Q2. Since the p-value is less than 0.05, we reject the null hypothesis. This means there is a statistically significant difference in the average number of early classes between students in the first two years and those in the later years. Specifically, students in the first two years of college had more early classes on average (0.73) than students in the later years (0.59).
Q3. There is no significant evidence to suggest that students who identify as “Larks” have significantly better cognitive skills (based on the cognition z-score) compared to students who identify as “Owls.” The p-value is 0.4229, which is greater than the typical significance threshold of 0.05. This suggests no significant difference between the two groups.
Q4. There is no significant evidence to suggest that students who had at least one early class missed fewer classes than those who did not have early classes. The p-value (0.2016) indicates that the observed difference in means is likely due to random chance.

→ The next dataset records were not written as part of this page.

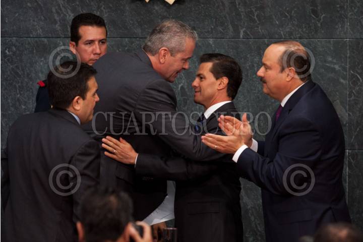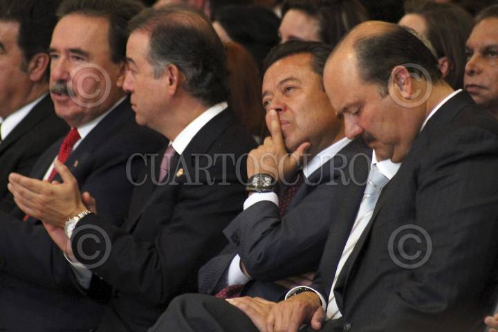 TLAXCALA, TLAX, 14ENERO2014.- (izq.) Emilio Gamboa Patrón, senador de la República y lider de la bancada del PRI; Raúl Cervantes, lider del senado; César Camacho, dirigente nacional del PRI, y el gobernador de Chihuahua, César Duarte Jáquez, durante la ceremonia del 3er Informe de gobierno de Mariano González Zarur, gobernador del estado. El evento se llevó a cabo en las instalaciones del centro de convenciones de la capital del estado. FOTO: J. GUADALUPE PÉREZ /CUARTOSCURO.COM
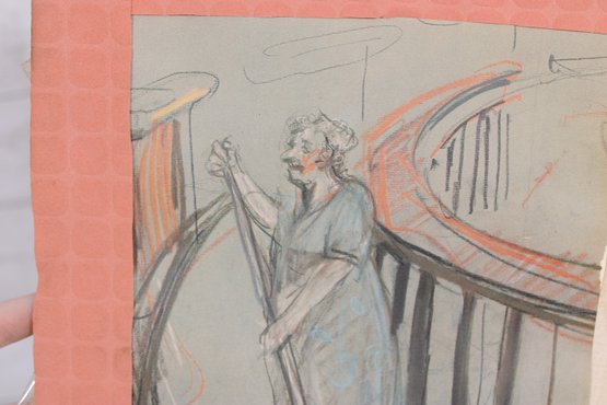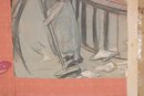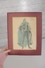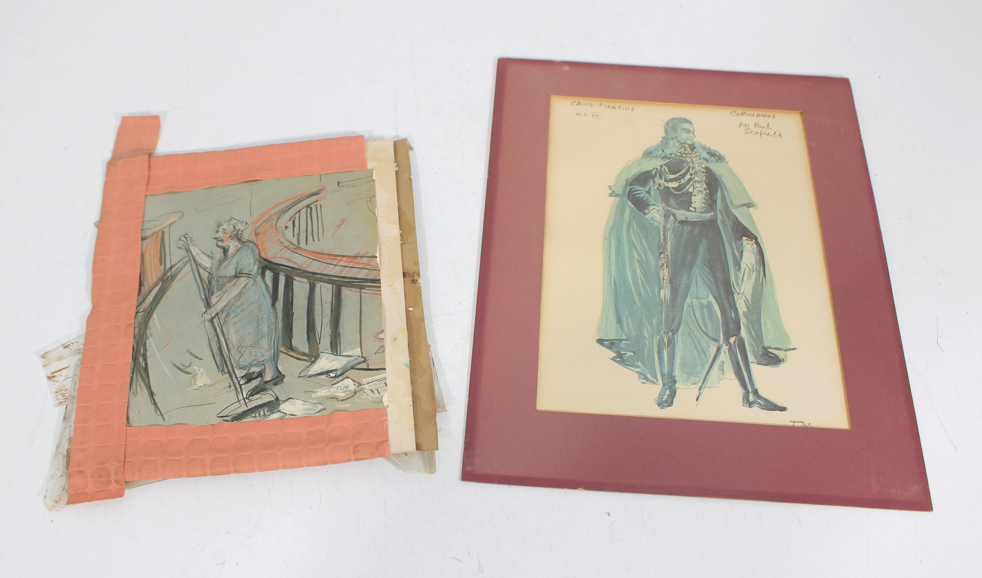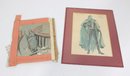 a unique lot of two vintage theatrical costume design artworks, including one framed finished illustration and one original sketch study. These pieces appear to be related to stage or opera costume design, featuring detailed figural renderings with expressive linework and soft color application.
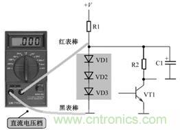 檢測(cè)這一電路中的3只二極管最為有效的方法是測(cè)量二極管上的直流電壓,如圖9-41所示是測(cè)量時(shí)接線示意圖。如果測(cè)量直流電壓結(jié)果是1.8V左右,說明3只二極管工作正常;如果測(cè)量直流電壓結(jié)果是0V,要測(cè)量直流工作電壓+V是否正常和電阻R1是否開路,與3只二極管無關(guān),因?yàn)?只二極管同時(shí)擊穿的可能性較小;如果測(cè)量直流電壓結(jié)果大于1.8V,檢查3只二極管中有一只開路故障。
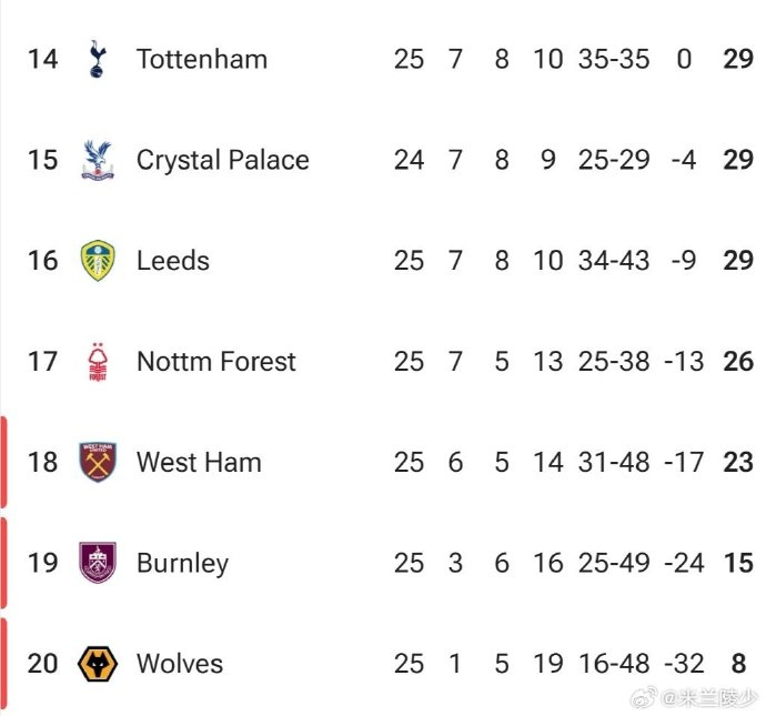 英超那边我的主队利兹也赢球,战胜了保级对手森林,拿下了关键的3分,积分甚至追平了热刺,英超这边除了垫底两名狼队和伯恩利外,最后一个降级名额也是比较焦灼的,西汉姆找回了状态,最近4场联赛赢了3场,距离排名第17的森林只差3分了,同积29分的有3支球队,分别是热刺,水晶宫和利兹联,利兹联比西汉姆只多6分,目前保级压力还是挺大的。

Q5. Students with at least moderate depression have significantly lower happiness scores than students with normal depression levels. The negative mean difference suggests that the more severe the depression, the lower the happiness score.
Q6. The p-value is greater than 0.05 (0.09479). This suggests that there is no significant difference in poor sleep quality between students who had at least one all-nighter and those who did not, based on this t-test result.

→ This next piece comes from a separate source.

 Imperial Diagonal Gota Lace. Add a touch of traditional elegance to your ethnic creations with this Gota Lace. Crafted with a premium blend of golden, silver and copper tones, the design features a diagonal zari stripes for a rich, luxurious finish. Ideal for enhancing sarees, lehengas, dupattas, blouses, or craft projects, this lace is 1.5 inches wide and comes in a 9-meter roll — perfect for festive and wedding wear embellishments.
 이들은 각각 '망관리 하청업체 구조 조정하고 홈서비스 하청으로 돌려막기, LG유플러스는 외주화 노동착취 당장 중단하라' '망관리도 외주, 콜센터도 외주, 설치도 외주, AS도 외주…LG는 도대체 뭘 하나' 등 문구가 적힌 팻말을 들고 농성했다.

Q7. Mean stress levels of the two groups are significantly different. Those who abstain have a mean stress number of 8.4 while those who are heavy consumers have a stress number of 10.4.
Q8. There is a very significant difference in the average number of drinks per week between students of different genders. Women report a mean of 4.2 drinks per week while men report a mean of 7.5 drinks per week.
Q9.The p-value (0.2855) is greater than the typical significance level of 0.05, we cannot reject the null hypothesis. This means there is no statistically significant difference in the weekday bedtime between students with high stress and those with normal stress.
Q10. The result from the Welch Two Sample t-test for weekend sleep between students in their first two years (FirstTwo) and students in other years (Other) indicates that there is no significant difference between the two groups. this is indicated by the p-value at 0.9618 which is much greater than the typical significance level of 0.05.